Hey. In this post we will continue to experiment with the
limited Boltzmann machine . In the previous post on
regularization in the BSR, we saw how to get more local features that have a greater generalizing ability. But we did not appreciate their robustness compared to simpler and faster algorithms. For this experiment, we turn to the linear
method of principal components (you can familiarize yourself with this method and look at the implementation on c # in my
first post ). Those wishing to familiarize themselves with the original source on the theory of compression of dimension using the RBM recommend looking through the articles of Jeffrey Hinton
here and
here . We will continue testing on a set of printed large letters: train the BSR, build the main components, generate compressed data representations, and restore the original images from them, and then evaluate the difference between the original and recovered images.
Linear main components
')
It is understood that you are familiar with the main component method, if not, then
you are here . For this experiment, I use a variety of images of 29 by 29 pixels, which show large letters of the English alphabet of four different fonts and three styles, as well as the same images with noises, a total of 4,056 images. The test set consists of the same set of letters, but with a lot of noise - 3432 pieces. So let's get started, in R the code looks quite simple:
m.pca <- eigen(cov(m))
. The importance of the main components can be estimated by their main values, first normalizing them by the sum of these values. The result will be the following graphics. The first one shows what percentage of
variation describes each main component , the second one shows the sum of the explained variation at each step.
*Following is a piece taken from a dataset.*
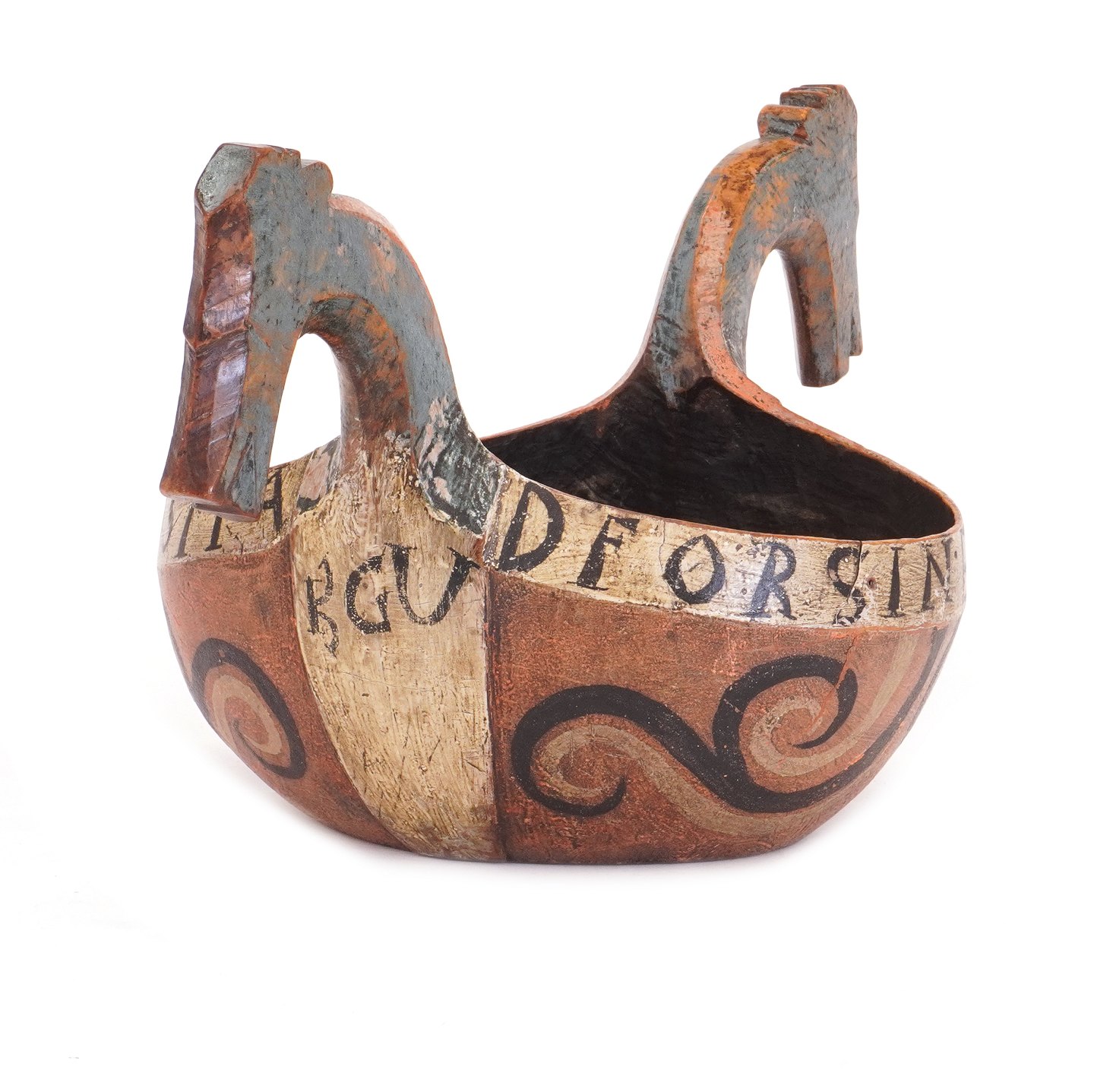 Norwegian early 19th century wood cut drinking bowl dated 1803. H: 21cm. L: 41cm

In the BSR, we will use 100 hidden states, so for honesty, we will select the first 100 main components, which explain 89.36% of variability, this level is shown as a line in the graphs above.
Each major component can be interpreted as a 29 by 29 pixel image that detects some features of the data set. You can draw an analogy with the weights of hidden neurons of the limited Boltzmann machine, and visualize as we did in
previous posts . Let me remind you that in the second image the black color corresponds to the zero value, the increase in the red component - the increase in the value in the positive direction, the blue, respectively - in the negative.
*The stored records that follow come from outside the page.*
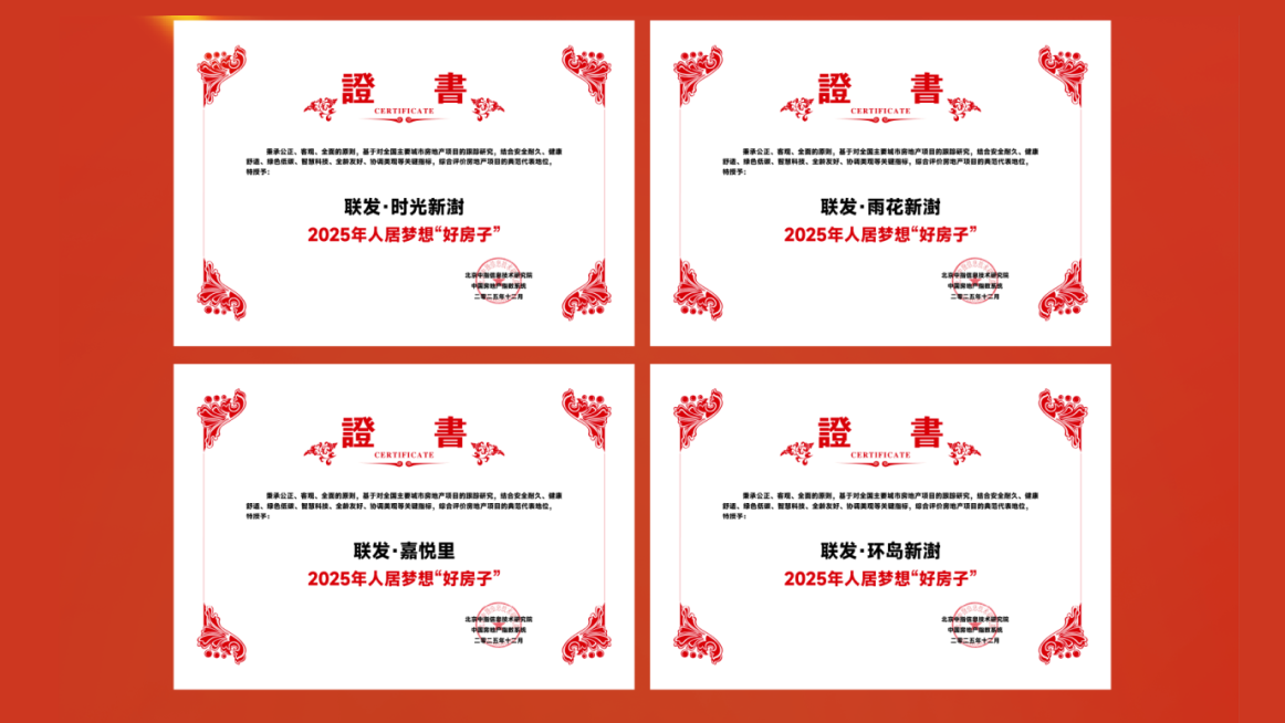 12月11日,由北京中指信息技術(shù)研究院主辦、中國房地產(chǎn)指數(shù)系統(tǒng)中國物業(yè)服務(wù)指數(shù)系統(tǒng)承辦的“2025中國房地產(chǎn)大數(shù)據(jù)年會暨2026中國房地產(chǎn)市場趨勢報告會”在北京召開。聯(lián)發(fā)集團在2025年中國房地產(chǎn)產(chǎn)品力測評中再獲行業(yè)認可:獲評“中國房地產(chǎn)產(chǎn)品力優(yōu)秀企業(yè)”稱號;集團旗下四大標桿項目“上海·時光新澍”“南京·雨花新澍”“廈門·嘉悅里”“廈門·環(huán)島新澍”,憑借產(chǎn)品設(shè)計、精工品質(zhì)與對當代居住需求的深度回應(yīng),齊齊上榜2025年人居夢想“好房子”名單。
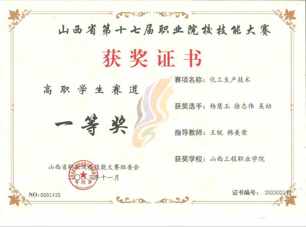 山西省第十七届职业院校技能大赛现代化工系再传喜讯!由我系承办的"化工生产技术"赛项于11月12日在时博备用网址龙潭校区圆满收官。我系参赛队伍以遥遥领先的优势荣获一等奖1个,二等奖1个。11月16日潞安职业技术学院承办的"现代化工HSE"赛项落下帷幕,我系三支参赛队伍经过激烈角逐,最终在18支参赛队伍中位列第四、第五、第六,全部荣获二等奖,成功晋级国赛!
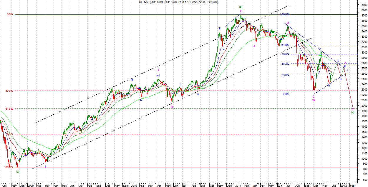 Na MERVALU sytuacja podobna do BOVESPY w krótkim terminie. Jeszcze jedna falka wzrostowa zrobi z podejścia impuls wzrostowy. W wersji byczej będzie to część fali c Minute w X Minor w formie Flat.

The order of the main components from left to right, top to bottom. The features turned out pretty big, each of them has approximately the average size of the letter from the training set. At the expense of speech interpretation does not go at all, well, except for the first few components.
Restricted Boltzmann machine
For this experiment, I used the settings described in the
previous post for L1 regularization, the only thing that was changed is the training set (as described above) and the number of iterations was 5000, it took about 14 hours (I feel it's time to rewrite the GPU). At this point, the cross-qualification error was still falling, so the training could continue. The result was the following weight.


As you can see, the features are very local, mostly these are primitives of the type of small spots and boundary lines, by combining some of them you can study the topological features of the images from the training set. Due to their locality, very small receptor fields of neurons can be built, i.e. reset to 95% of the weights of each neuron, which will significantly increase the speed of the data projection algorithm, which is really important.
Regenerating ability
Let's take a look at some examples of images reconstructed using two models. In the first column, the original images, in the second, recovered using PCA, in the third, using RBM.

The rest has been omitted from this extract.